3.8.3 Confidentiality. For avoidance of doubt, all negotiations pursuant to this Section shall be treated as confidential compromise and settlement negotiations. Nothing said or disclosed, nor any document produced, in the course of such negotiations which is not otherwise independently discoverable shall be disclosed to any third party nor offered or received as evidence or used for impeachment or for any other purpose in any current or future arbitration or litigation.
3.8.4 No Notice. In the event CareTree does not receive a Dispute Notice within such ten (10) day period, then the relevant invoice shall be deemed to be correct and shall be paid in full in accordance with the terms and conditions of this Agreement or the relevant SOW.
4.1 Term. This Agreement shall commence on the Effective Date and shall continue until terminated in accordance with the terms and conditions set forth herein.
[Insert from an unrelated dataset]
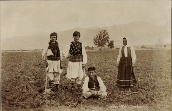 Foto Ak Mazedonische Serben, Personen in Trachten auf einem Feld

4.2 SOW’s. The term of the SOW will commence on the date set forth in the SOW and continue thereafter as set forth in such SOW, unless otherwise terminated earlier in accordance with the terms of such SOW and/or this Agreement.
5.1 Termination for Breach. If a party materially breaches this Agreement and/or any SOW (the "Defaulting Party"), and the Defaulting Party does not cure such breach within thirty (30) calendar days after its receipt of written notice of material breach, the non-defaulting party may terminate this Agreement and/or any SOW upon written notice to the Defaulting Party. Termination of this Agreement and/or SOW will be without prejudice to any other rights and remedies that the non-defaulting party may have under this Agreement, the applicable SOW, at law and/or in equity.
5.3 Effect of Termination. In the event of termination, Client will pay all outstanding Fees, charges and expenses owed through the then-current term of this Agreement and/or the applicable SOW.
6.1 Business Associates Agreement. This Agreement is made pursuant to and incorporates herein by reference the terms and conditions of the Business Associates Agreement (“BAA”), https://web.caretree.me/baa. Client acknowledges and agrees it will abide by CareTree’s BAA, as may be changed from time to time by CareTree in its sole and absolute discretion, and which such then-current version shall be incorporated herein by reference. Unless otherwise noted and expressly agreed upon by both parties, the BAA shall supersede the MSA.
6.2 Confidential Information. During the term of this Agreement, the parties may have access to certain information that is not generally known to others including any and all information relating to the party and its business including without limitation: its business, legal, and operational practices, financial, technical, commercial, marketing, competitive advantage or other information concerning the business and affairs, partnerships and potential partnerships, business model, fee structures, employees, funding opportunities, metrics, know-how, systems, procedures and techniques that has been or may hereafter be provided or shown to the other party, regardless of the form of the communication and the terms and conditions of this Agreement ("Confidential Information"). The party disclosing Confidential Information shall be referred to herein as the “Disclosing Party” and the party receiving Confidential Information shall be referred to herein as the “Receiving Party.”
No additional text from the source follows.